Vanishing Point illustrated and applications of animation to the history of perspective
This is a reconstruction of the animation that led to five months of working with Dr. Kim Veltman in Italy and some of the richest learning experiences of my life.
In linear perspective, when parallel lines are projected onto a picture plane [1], the resulting projections [2] will intersect at a vanishing point. For lines parallel to the ground, the vanishing points will appear on the horizon line [3]. When drawing objects in perspective, the artist usually begins by drawing the horizon line and a couple vanishing points. Construction lines are drawn from those vanishing points to help the artist correctly locate the edges of buildings or other objects. Perspective drawings and paintings are sometimes classified by the number of vanishing points used in the construction.
I don't remember the exact definition of a vanishing point from Dr. Veltman's collection. It would have been similar to what I've written above: accurate and descriptive with a certain amount of precision in the use of language and inherently relative to other terms of perspective. But words don't suffice. A vanishing point demands illustration. I found my original diagram of a vanishing point painfully lacking. It looked basically like a stick figure and a pile of triangles. At the time I was very interested in animation and thought I could visualize a vanishing point more clearly with a little motion. I ended up with a stick figure and a moving pile of triangles which was much better. ;-)
Without further adieu (with the caveat that an SVG plugin is required) . . . drumroll . . . (click Go):
It is probably not self evident as to why Kim was so impressed by such a simple animation. Computers as an Historical Tool for Mathematics, Science and Art will help clarify why this is an interesting contribution to the history of perspective. There are some other hints in another article which I quote below.
Back to the pictures of infinity. Notice how as the projected lines grow ever more slowly towards the vanishing point before leaping at the very end. This is a direct consequence of geometry and infinity. The ground lines are growing at a constant rate whereas their projections are growing in a ratio relative to the point of view and position of the picture plane. If I let it keep going it does eventually get fairly close to the end, but it's really not worth the wait. Someday I'll rearrange the animation so the projected lines grow at a constant rate. I'll still have to do some fudging towards the end as the ground lines approach the limits of the SVG coordinate system.
Speaking of coordinate systems there's another detail worth mentioning if you're inclined to look at the code behind the animation. SVG uses a two-dimensional coordinate system whereas the scene I'm depicting is three-dimensional. For this animation I'm just using the 2D coordinates to calculate intersections. In the AutoCAD version I had the advantage of a three dimensional coordinate system for my code. That arrangement more accurately reflects the actual geometry at work when light reflects off of objects and into our eyes. For simplicity my stick figure is a cyclops. In both of these ways I'm actually continuing a very long tradition in the history of perspective and geometry in general. :-)

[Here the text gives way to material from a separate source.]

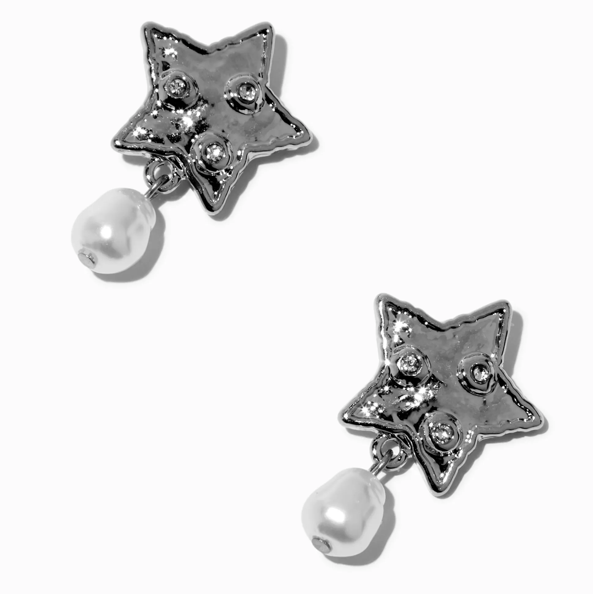 Complète ton look avec la touche finale parfaite. Les boucles d’oreilles sont finies avec une perle d’imitation pendante et un clou cœur couleur argentée martelé.

Here's how Kim described it in the introduction to Computers and Renaissance Perspective
A long tradition of Euclidean geometry developed two-dimensional conventions of representation to the extent that they were part of the legitimation process in mathematics. As a result, Renaissance treatises on perspective evidence a basic paradox: they use abstract two-dimensional conventions to display the principles of a new three-dimensional method of representing space. This is achieved by folding different planes (usually a lateral view and or a ground view) into a single plane (usually a frontal view). This procedure of folding back (technically termed ribaltimento in Italian and rabattement in French), makes most of the diagrams in the early treatises virtually incomprehensible to the untrained eye, all the more so because the reader is confronted with a completed construction which usually gives no visual clues concerning the steps taken to get there. One can identify the steps taken in arriving at an end product in any of these constructions; one can reconstruct these steps and theoretically it would be possible to print these, except that the cost of including so many diagrams makes this alternative prohibitively expensive. All of which helps explain why these treatises have never been studied systematically.
Many of the animations I created in Siena were folding the two-dimensional images into their three-dimensional origins. In one, I animated the steps Piero della Francesca described to construct a perspective image of a pentagon. No small task to understand a centuries old Italian text on a geometric construction. When I was done animating his instructions I re-did the animation in a way that I thought made the technique he was describing more clear. If I remember correctly, I then folded the resulting drawing into its three-dimensional arrangement and animated something of a proof of the technique by projecting lines from the point of view to the pentagon on the ground and showing that constructed image aligns correctly. When I get more tuits I'll see if I can repeat that stunt. :-)
[1,2] See my illustration of perspective basics
[3] I still haven't illustrated a horizon line anywhere.